Find out if we can use Jeeves to help with security/information assurance

Opened this issue · 5 comments

@mmcmahon13 : if you have the bandwidth to attend @jeanqasaur's talk in early December, you should. If you have additional bandwidth and/or interest, look into using Jeeves for the Python lib. I'll be back in the office Dec. 15.

I see the Java implementation running as a service. However, the Python front-end has potential security and privacy issues, since users may be asking sensitive questions and/or getting sensitive/identifying responses. Having some kind of information flow analysis and a plan for handling sensitive data could help with adoption -- it would be a nice feature for potential users to report when getting IRB approval.

Using Jeeves might be able to address security issues on the researcher's end.
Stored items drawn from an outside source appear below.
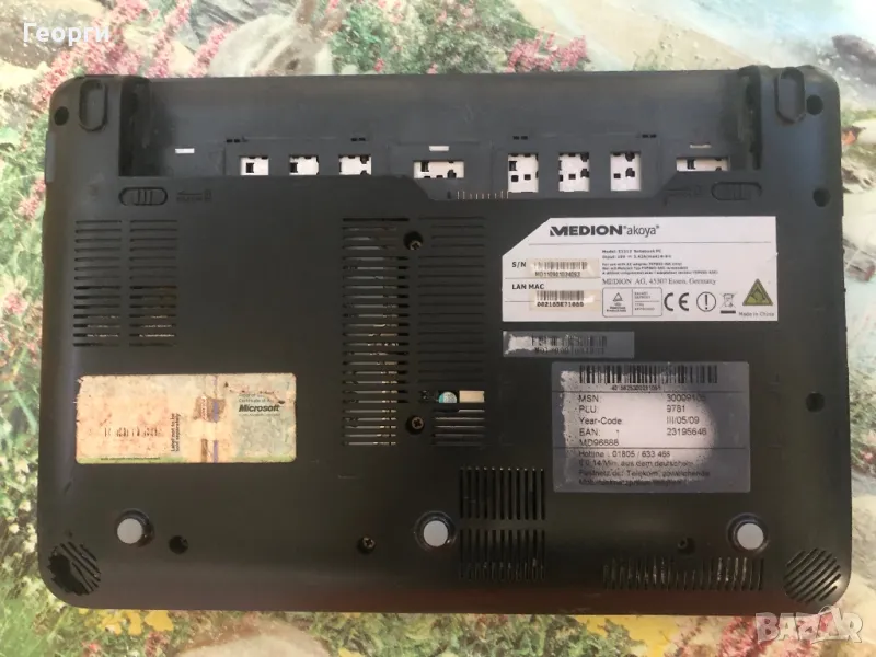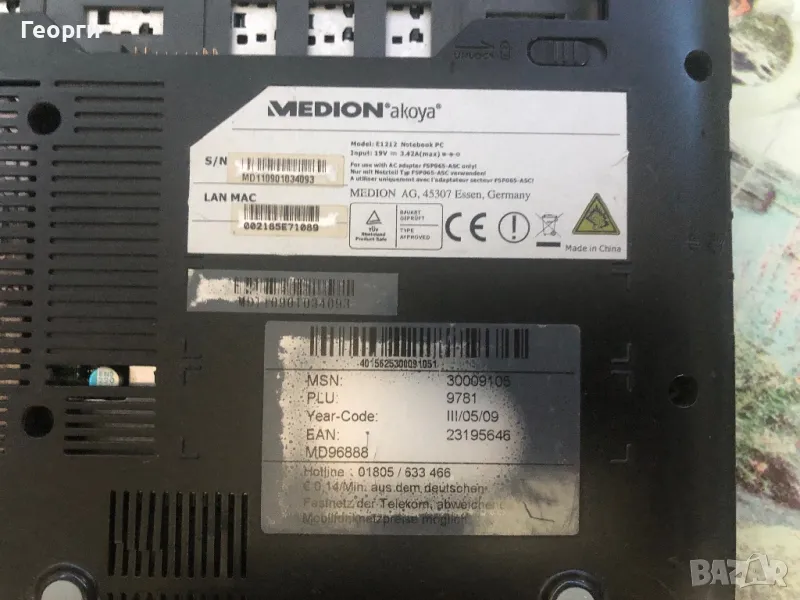 Продавам, лаптоп MEDION akoya E1212 на части,проблема му е счупен екран(дисплей),лаптопа е работещ може да се тества или да се използва с външен монитор,продадена е единствено батерията от него,всичко друго за момента е налично и работещо без проблеми,работещ в момента с Windows 7.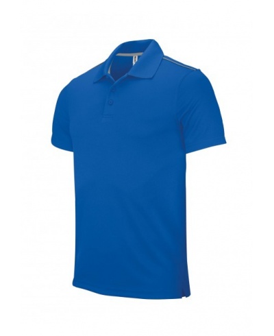 100% polyester interlock. Flat knit collar. 3 button placket. Contrast taped neck and side vents. Contrast piping at shoulder. Twin needle finishing.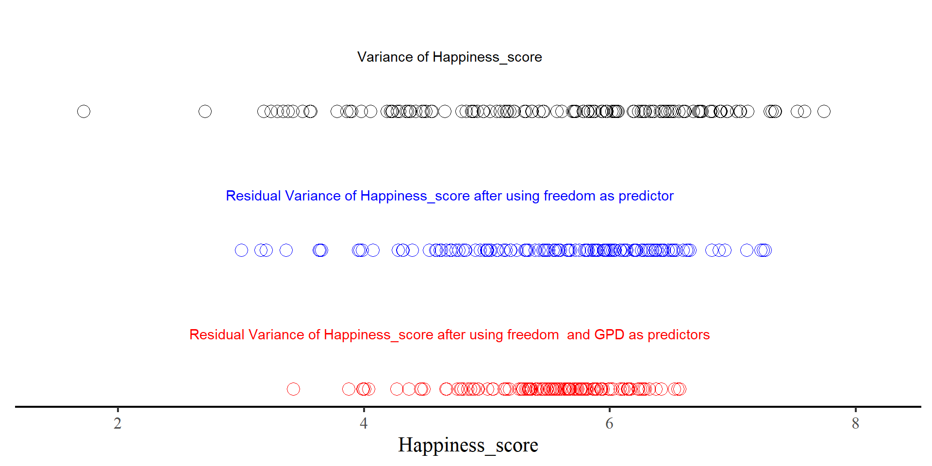 label = "Residual Variance of Happiness_score after using freedom and GPD as predictors", color = "red") +

On the other side of the spectrum (i.e., from the perspective of the user), a well-known problem with collecting sensitive data is the belief on the part of the respondent that it can be traced back to that respondent. Here is a paper @emeryberger and I heard about during OOPSLA that addresses the issue in crowdsourcing. Here's a summary.

What are you thinking about using Jeeves for? Happy to talk more.
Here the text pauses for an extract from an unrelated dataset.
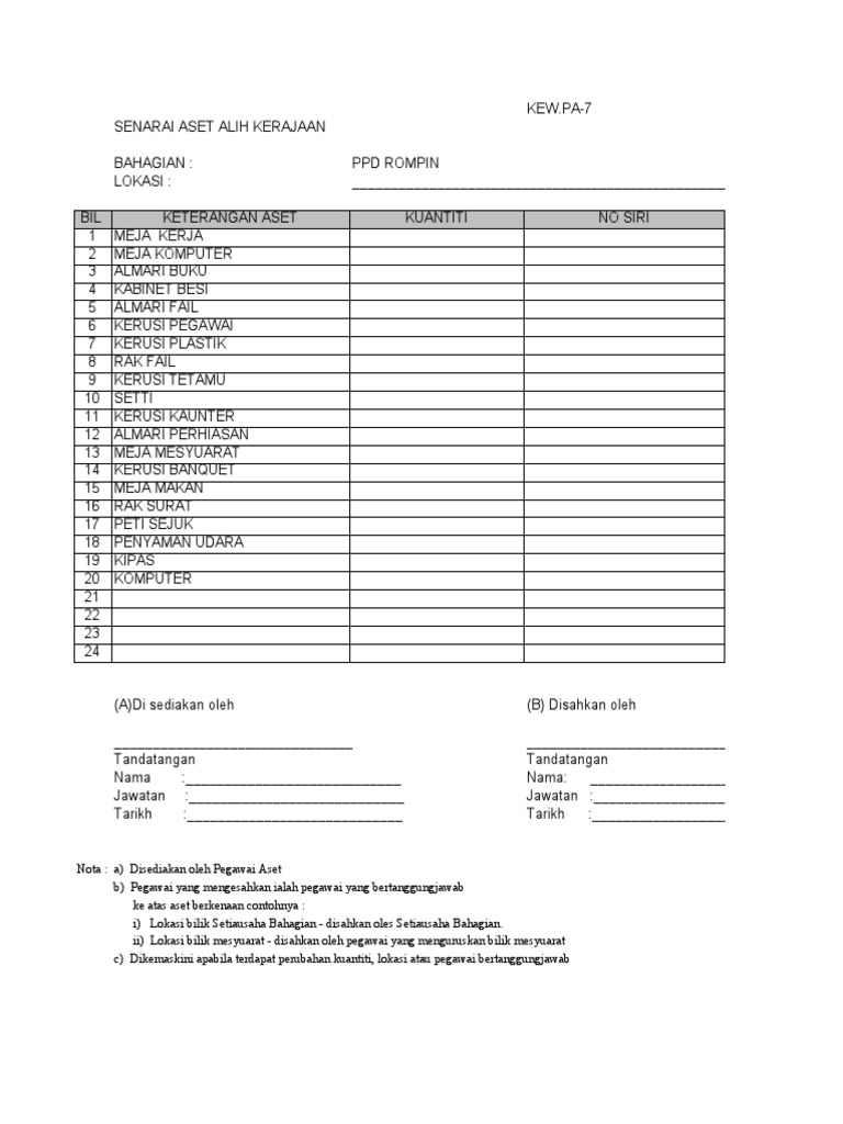 7 Kew Pa 7 Senarai Aset Di Lokasi Kelas 2i Doc Kew Pa 7 Senarai Aset Alih Kerajaan Bahagian Smk Asyakirin Bintulu Lokasi Kelas 21 Bil Keterangan Aset Course Hero

@etosch Sorry I haven't been around for a while, I've been tied up with class stuff/finals. Should be done in about a week though, then I can start looking at this. I'll be back on campus in early January, maybe I can come in at some point.

What talk is it that I should go to?

@mmcmahon13 : take a look at the Jeeves documentation. As we expand the scope of the surveyman work, we'll want to keep other aspects in mind -- so far, we've been concerned about the integrity of the survey instrument in the face of the data. Other aspects have an impact on usability, though. Surveys contain identifying information. Finding ways of protecting that information might increase adoption.

@jeanqasaur : how difficult would it be to extend Jeeves so that sensitive values are the product of a computation, rather than a value? Using the RAPPOR work as an example, I'm thinking of something that returns the true value of a variable in safe settings and a randomly chosen value in unsafe settings.

@etosch It should be straightforward to make sensitive values the product of a computation. For instance sensitive values can be functions, so one way to do it is to just store functions and propagate them. There might be nicer ways of doing it. Let me know if you want me to think harder about this!